Task requirements:
When writing out the entries below, keep only the lines from the line with "Вскипятим маринад из" to the line with "箱 リボン 上品 ロゴ", both included, exactly as they are, and leave the pictures aside.

Record set:
-=-=-=-=-

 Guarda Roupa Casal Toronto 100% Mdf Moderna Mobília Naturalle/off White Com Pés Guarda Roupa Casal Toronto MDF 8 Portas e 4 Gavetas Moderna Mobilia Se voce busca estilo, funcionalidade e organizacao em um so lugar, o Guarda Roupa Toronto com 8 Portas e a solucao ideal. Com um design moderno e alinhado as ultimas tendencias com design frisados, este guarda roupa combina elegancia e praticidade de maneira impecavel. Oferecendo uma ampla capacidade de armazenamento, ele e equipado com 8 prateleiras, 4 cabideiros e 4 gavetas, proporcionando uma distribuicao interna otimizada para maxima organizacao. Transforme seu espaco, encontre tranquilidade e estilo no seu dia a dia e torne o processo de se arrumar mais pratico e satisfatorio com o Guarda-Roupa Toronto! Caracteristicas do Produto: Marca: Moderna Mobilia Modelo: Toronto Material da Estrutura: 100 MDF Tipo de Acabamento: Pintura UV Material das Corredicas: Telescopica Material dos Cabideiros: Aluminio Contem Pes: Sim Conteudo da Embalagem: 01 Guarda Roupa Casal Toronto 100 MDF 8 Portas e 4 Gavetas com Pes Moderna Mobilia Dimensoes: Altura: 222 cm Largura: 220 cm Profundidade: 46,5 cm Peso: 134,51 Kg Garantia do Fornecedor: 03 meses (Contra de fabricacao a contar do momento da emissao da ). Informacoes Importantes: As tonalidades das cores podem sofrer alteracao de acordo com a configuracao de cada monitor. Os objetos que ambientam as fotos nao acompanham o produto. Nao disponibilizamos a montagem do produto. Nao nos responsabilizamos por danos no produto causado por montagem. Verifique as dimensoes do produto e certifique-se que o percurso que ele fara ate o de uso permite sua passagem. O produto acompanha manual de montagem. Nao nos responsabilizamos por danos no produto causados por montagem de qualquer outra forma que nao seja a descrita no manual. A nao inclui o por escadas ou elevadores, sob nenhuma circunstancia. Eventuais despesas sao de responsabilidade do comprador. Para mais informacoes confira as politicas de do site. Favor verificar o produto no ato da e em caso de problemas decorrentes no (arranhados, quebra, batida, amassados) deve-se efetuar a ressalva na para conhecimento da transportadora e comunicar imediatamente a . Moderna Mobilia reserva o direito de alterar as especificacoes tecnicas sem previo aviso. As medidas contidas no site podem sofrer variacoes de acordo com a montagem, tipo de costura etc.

-=-=-=-=-

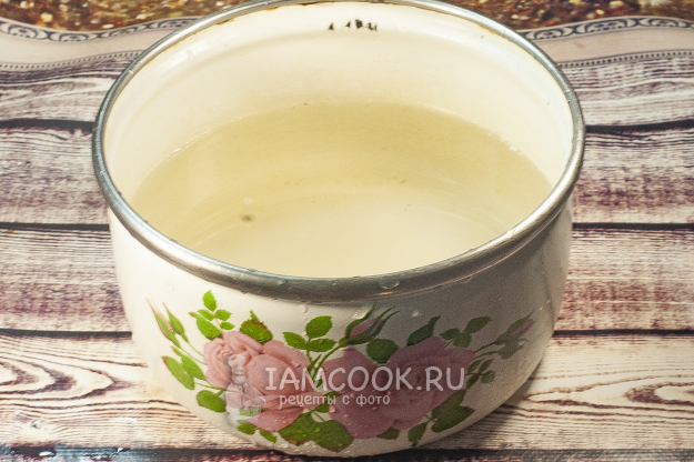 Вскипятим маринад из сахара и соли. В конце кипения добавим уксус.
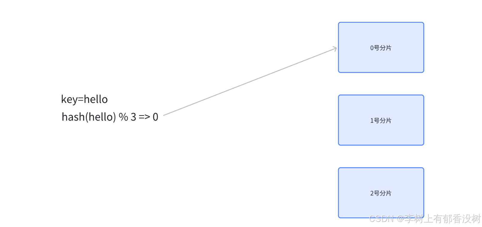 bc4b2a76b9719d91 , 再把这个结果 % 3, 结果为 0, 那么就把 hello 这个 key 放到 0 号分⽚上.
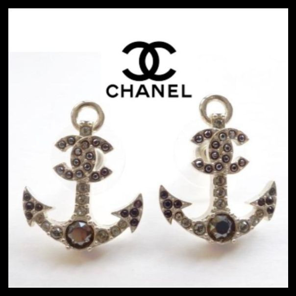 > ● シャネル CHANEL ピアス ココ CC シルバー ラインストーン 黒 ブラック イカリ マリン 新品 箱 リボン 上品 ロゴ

-=-=-=-=-

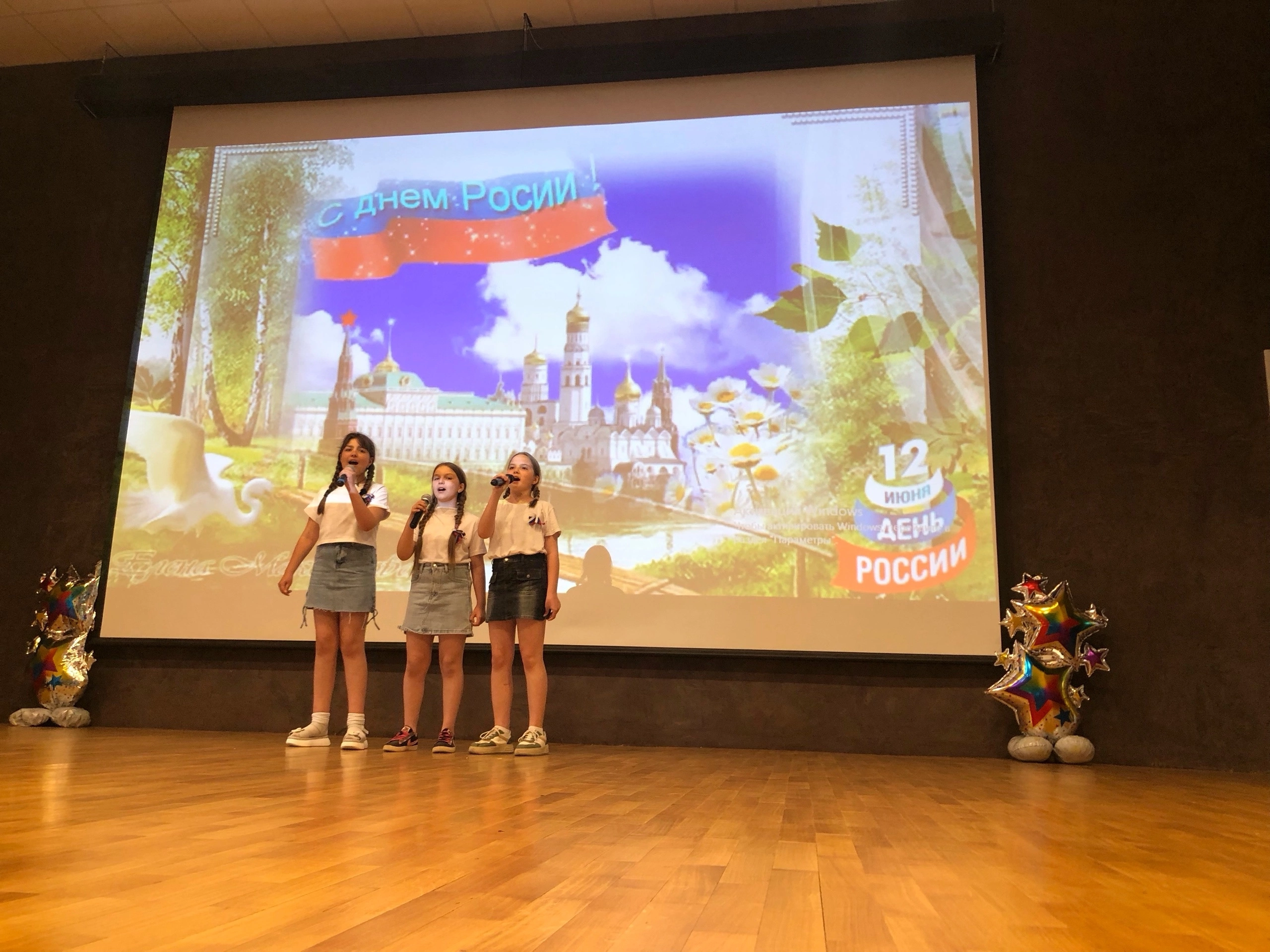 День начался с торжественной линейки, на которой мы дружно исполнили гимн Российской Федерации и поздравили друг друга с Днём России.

-=-=-=-=-

Exercise output:
 Вскипятим маринад из сахара и соли. В конце кипения добавим уксус.
 bc4b2a76b9719d91 , 再把这个结果 % 3, 结果为 0, 那么就把 hello 这个 key 放到 0 号分⽚上.
 > ● シャネル CHANEL ピアス ココ CC シルバー ラインストーン 黒 ブラック イカリ マリン 新品 箱 リボン 上品 ロゴ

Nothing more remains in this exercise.